Tutti quelli che hanno assaggiato il Tokaji Aszú ne hanno decantato le lodi. Pablo Neruda gli ha dedicato una poesia, intitolata Tokay; Alexandre Dumas, come il Re Sole, l’ha battezzato «vino degno dei re» nel suo La collana della regina. E le incursioni del Tokaji nella letteratura non finiscono: nel Dracula di Bram Stoker il protagonista Jonathan Harker completa la sua cena a casa del Conte con una bottiglia di Tokaji.
Ma allora il Tokaji è solo un semplice vino? Forse no. Per alcuni è addirittura una medicina: parola di Lenin, che la storia narra esser rimasto folgorato dal dolce vino ungherese regalatogli dal presidente della Repubblica dei Consigli ungherese Kun Béla.
Che sia medicina oppure no, il Tokaji ha segnato la storia. E già questo basta a definire la sua grandezza.

Il Tokaj-Hegyalja è la regione vinicola ungherese che ha dato alla luce una grande varietà di vini pregiati e amati in tutto il mondo.
Il Tokaj-Hegyalja è la regione vinicola ungherese che ha dato alla luce una grande varietà di vini pregiati e amati in tutto il mondo.

Il paese natale del vino Tokaji è l’Ungheria; la sua casa è situata nella regione del Tokaj-Hegyalja, che si trova a nord-est del paese e confina con la Slovacchia.
Dai vigneti del Tokaj-Hegyalja si ricavano diverse varietà di vino; per citarne alcuni: Tokaji Furmint e Tokaji Hárslevelű, entrambi bianchi secchi, e lo Szamorodni, un vino di cui si contano due varianti, una secca e l’altra dolce – che si chiamano rispettivamente száraz ed édes –. Ma il re dei vini del Tokaj-Hegyalja è lui, il Tokaji Aszú.
Il Tokaji Aszú (a proposito, si legge “tocai”) è IL vino dolce ungherese per eccellenza, se non addirittura IL vino ungherese; in effetti è grazie al Tokaji Aszú che l’Ungheria è famosa nel mondo per la sua produzione vinicola.

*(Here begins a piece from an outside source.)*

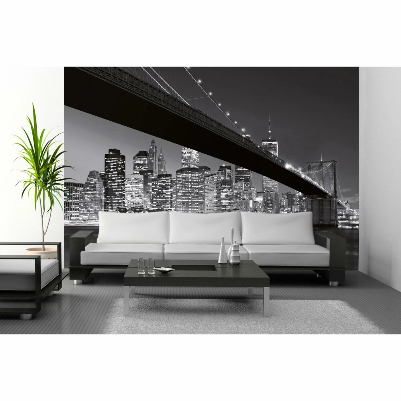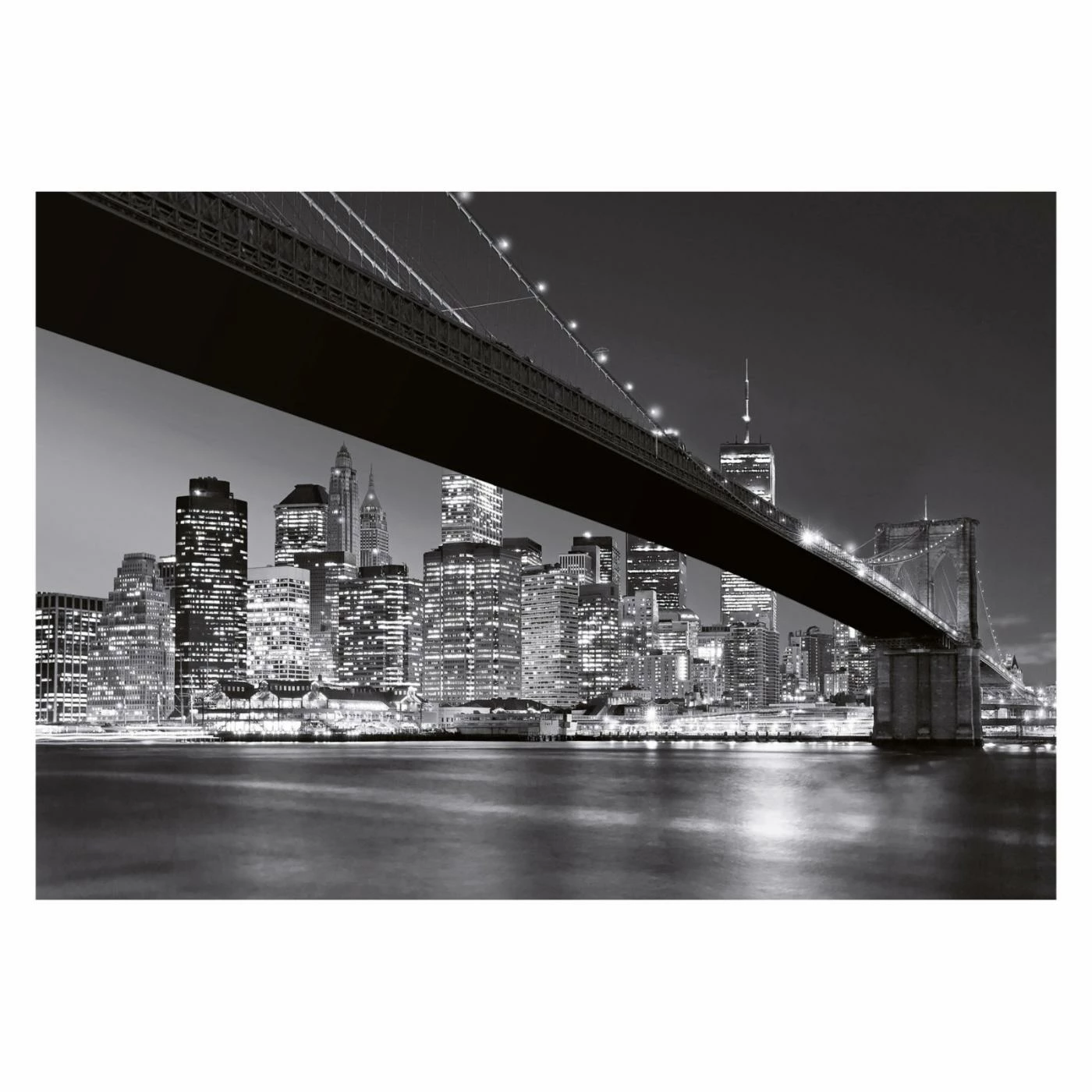 Glowing city lights have never been as stunning as they are on the Ideal Decor Brooklyn Bridge NY Wall Mural. This artful view of NYC from under the Brooklyn Bridge brings a vibrant energy to your room with this easily removable, eight-panel wall mural.

Vino nobile e dolce dal color topazio, il Tokaji Aszú o Passito di Tokaj comincia ad acquisire fama intorno al XVII secolo: è da questo momento in poi che il Tokaji acquisirà sempre più prestigio. Poi nel 1660 una scoperta importante: il fattore determinante nella produzione di questo nettare pregiatissimo. Ecco che arriva l’individuazione della Botrytis Cinerea, la muffa nobile senza la quale il Tokaji non esisterebbe. Perché sì, il vino dei re e il re dei vini nasce da una muffa, anche se nobile. Sono proprio le uve botritizzate, cioè colpite da Botrytis Cinerea, quelle alla base del prezioso e zuccherino Tokaji Aszú.

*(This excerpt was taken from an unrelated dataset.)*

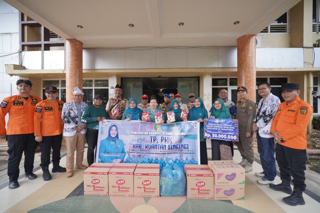 - TP-PKK Kuansing: Menyerahkan donasi berupa uang tunai yang diharapkan dapat membantu kebutuhan logistik dan dapur umum di lokasi pengungsian.

La storia del Tokaji non è stata però solo rose e fiori: Luigi XIV di Francia aveva sdoganato il Tokaji Aszú, tutti lo amavano e le corti europee andavano pazze per il suo gusto dolce, intenso e persistente, ma nel 1870 la fillossera fece strage di vigneti. Un insetto aveva messo in ginocchio il Tokaji, che impiegò ben 11 anni per tornare al suo antico splendore. E poi? Poi arrivò il ‘900 con le sue due Grandi Guerre e gli anni del comunismo. Sotto il controllo statale e con la produzione di massa il Tokaji Aszú aveva perso in qualità, ma con la fine del regime il vino più famoso d’Ungheria è riuscito a risalire la china ed eccolo qua, nell’olimpo dei più gustosi al mondo.